### DIRECTIONS FOR THIS TASK
Only the pictures should be left out; repeat the rest of the data exactly.

### DATA
────
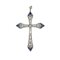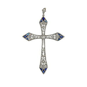 Ciondolo in oro bianco traforato croce cristiana con zaffiri taglio cabochon sui 4 bracci piccolo diamante taglio brillante al centro.
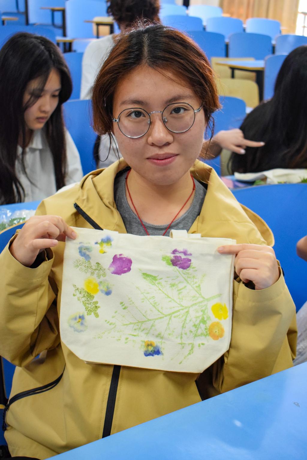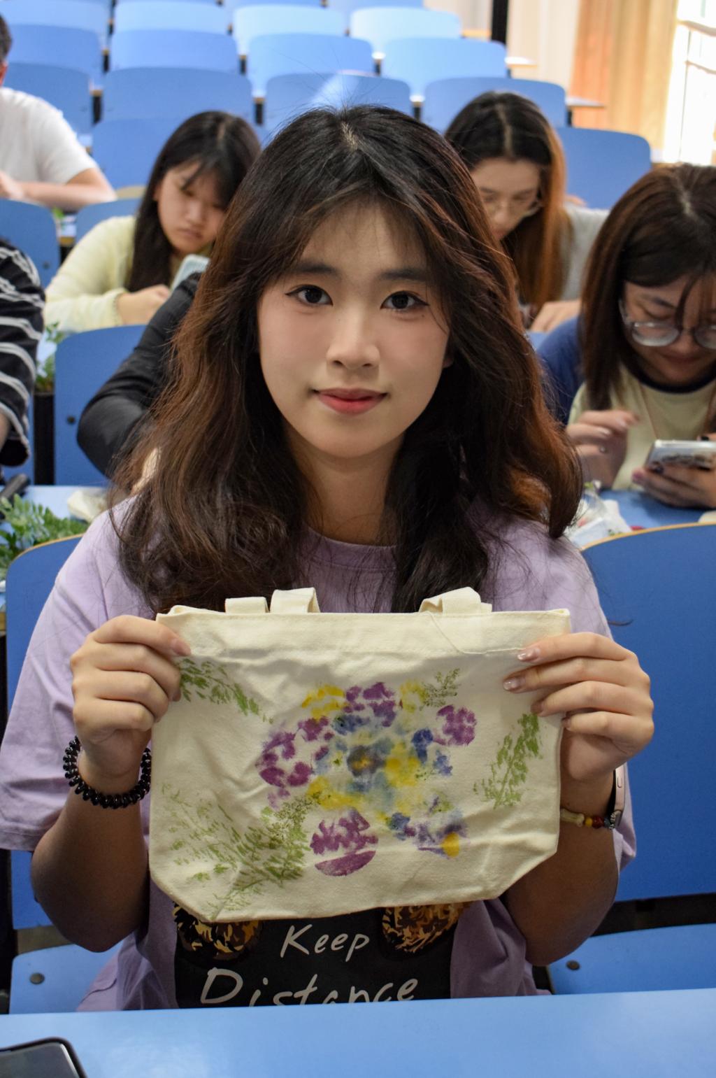 活动中,成员们热情高涨。大家精心挑选形态各异的花草,巧妙构思布局,将其摆放在帆布袋之上。在锤子的轻敲慢打下,花草的脉络与色彩逐渐渗透到织物之中,一幅幅充满创意与巧思的自然画作应运而生。期间,大家相互交流灵感,分享制作经验,现场氛围热烈而融洽。
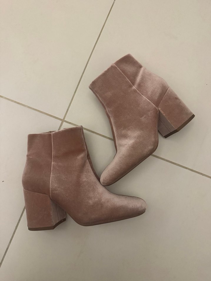 Bej süet kadın botları, blok topuklu ve rahat bir tasarıma sahip. Pastel renk ve desensiz yapısıyla günlük kullanıma uygun şık bir görünüme sahiptir.
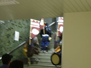 武士たちは駅の奥の階段を上っていく。 何とシュールな光景なんだ(笑) |
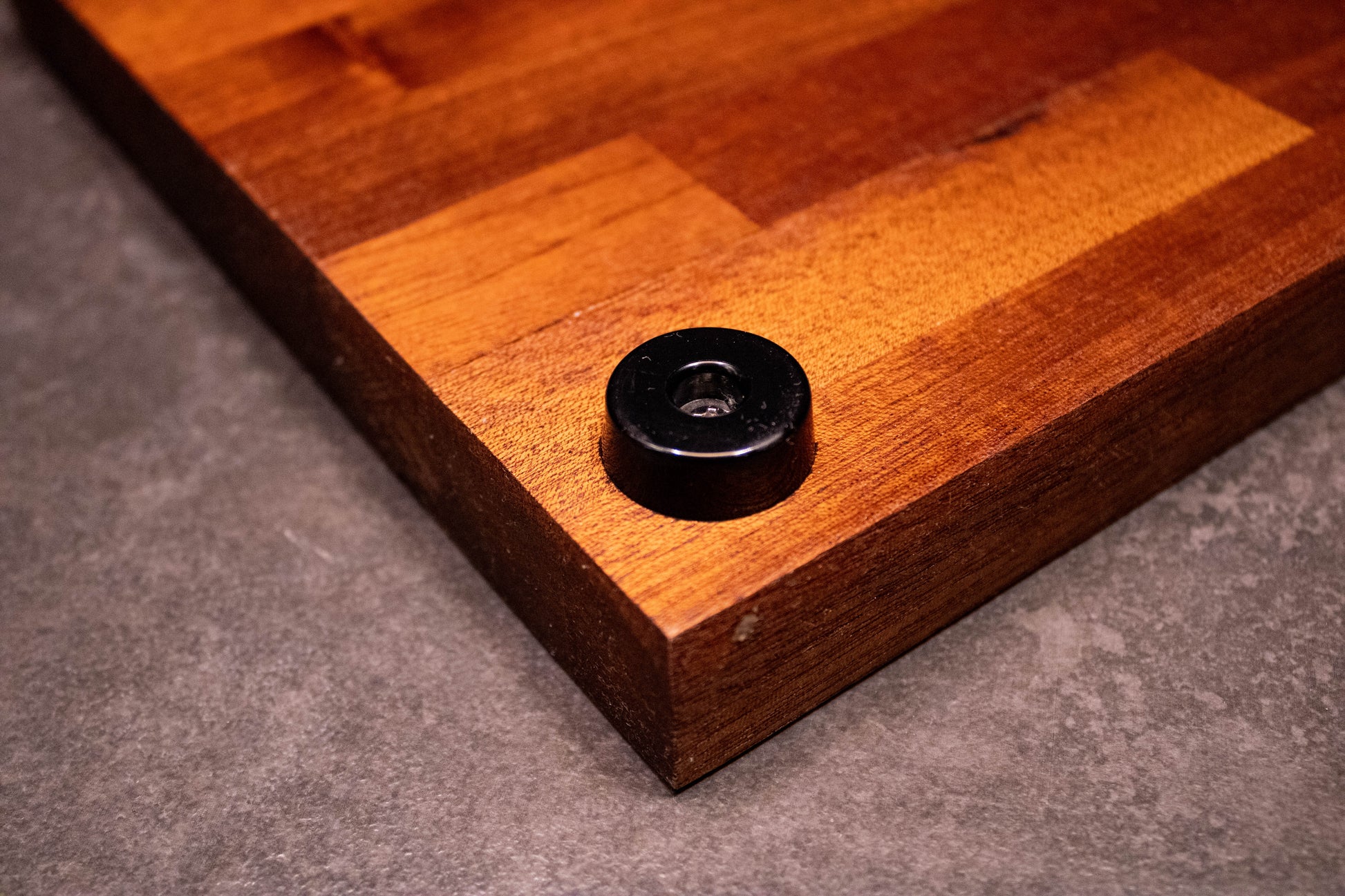For ekstra stabilitet er brættet udstyret med skridsikre gummifødder, der holder det sikkert på plads, selv under krævende køkkenarbejde. Den stavlimede konstruktion reducerer risikoen for vridning og revner, og træets naturlige varme giver et tidløst udtryk, der passer ind i ethvert køkken.
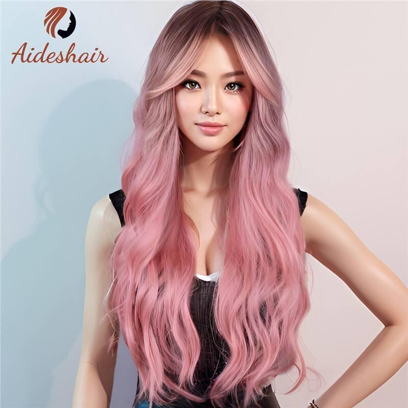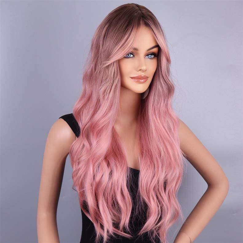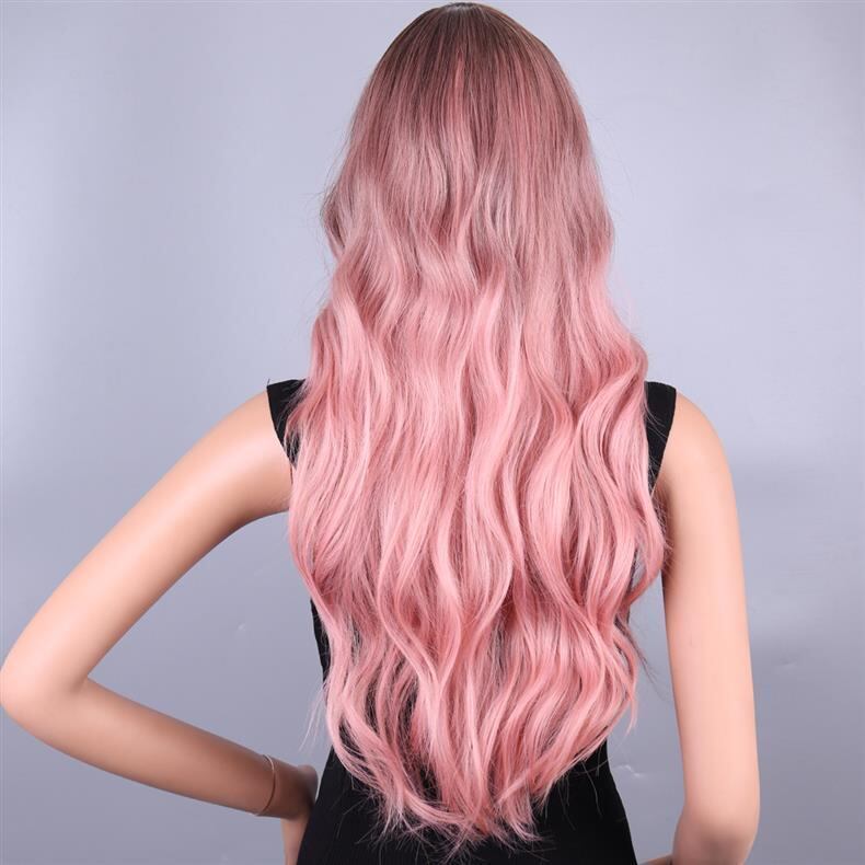 ウィッグ レディース ロング カール ピンク ブラック グラデーション レイヤーカット センターパート 自然な フルウィッグ ロリータ コスプレ ファッションウィッグ
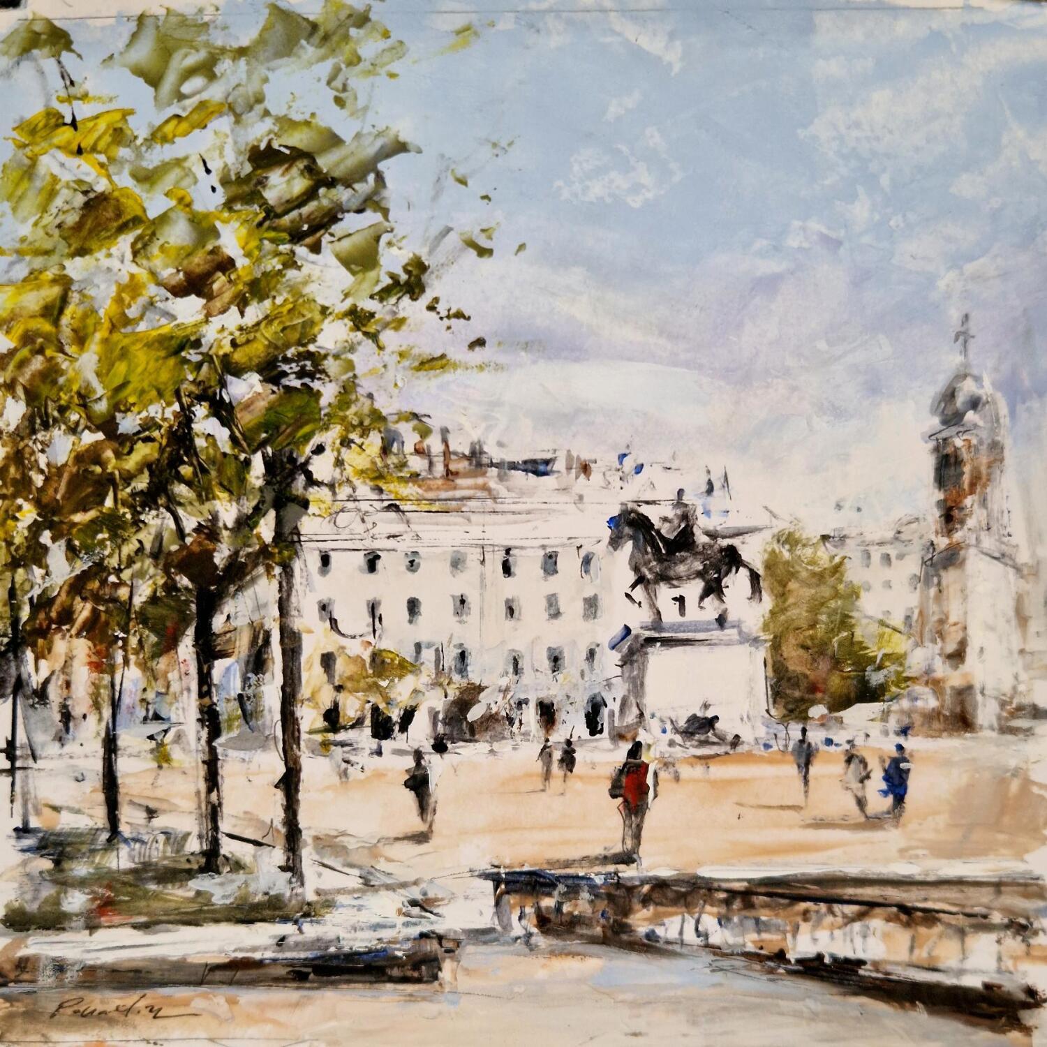 This unique and original contemporary artwork "la grande place de lyon" on the subject of Landscapes has been created by the contemporary artist Poumelin Richard.
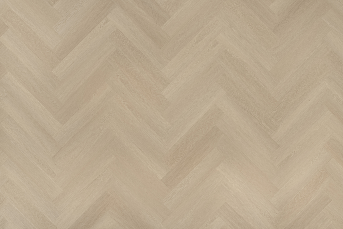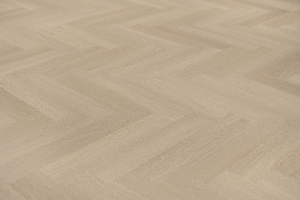 De vierzijdige microvelling accentueert subtiel de randen van de planken, wat de visgraattekening extra tot zijn recht laat komen.
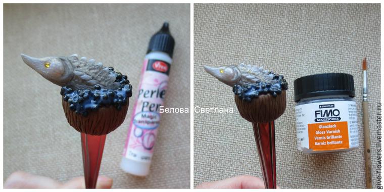 Последний этап: когда рыбка остыла, я покрываю икорку гелем (гель для создания эффекта стекла Glas Effekt Gel), который сразу мутный, но после высыхания становится прозрачным. Так наша икорка будет смотреться как настоящая! А рыбку покрываем лаком.
────
### REPLY TO THE TASK
 Ciondolo in oro bianco traforato croce cristiana con zaffiri taglio cabochon sui 4 bracci piccolo diamante taglio brillante al centro.
 活动中,成员们热情高涨。大家精心挑选形态各异的花草,巧妙构思布局,将其摆放在帆布袋之上。在锤子的轻敲慢打下,花草的脉络与色彩逐渐渗透到织物之中,一幅幅充满创意与巧思的自然画作应运而生。期间,大家相互交流灵感,分享制作经验,现场氛围热烈而融洽。
 Bej süet kadın botları, blok topuklu ve rahat bir tasarıma sahip. Pastel renk ve desensiz yapısıyla günlük kullanıma uygun şık bir görünüme sahiptir.
 武士たちは駅の奥の階段を上っていく。 何とシュールな光景なんだ(笑) |
For ekstra stabilitet er brættet udstyret med skridsikre gummifødder, der holder det sikkert på plads, selv under krævende køkkenarbejde. Den stavlimede konstruktion reducerer risikoen for vridning og revner, og træets naturlige varme giver et tidløst udtryk, der passer ind i ethvert køkken.
 ウィッグ レディース ロング カール ピンク ブラック グラデーション レイヤーカット センターパート 自然な フルウィッグ ロリータ コスプレ ファッションウィッグ
 This unique and original contemporary artwork "la grande place de lyon" on the subject of Landscapes has been created by the contemporary artist Poumelin Richard.
 De vierzijdige microvelling accentueert subtiel de randen van de planken, wat de visgraattekening extra tot zijn recht laat komen.
 Последний этап: когда рыбка остыла, я покрываю икорку гелем (гель для создания эффекта стекла Glas Effekt Gel), который сразу мутный, но после высыхания становится прозрачным. Так наша икорка будет смотреться как настоящая! А рыбку покрываем лаком.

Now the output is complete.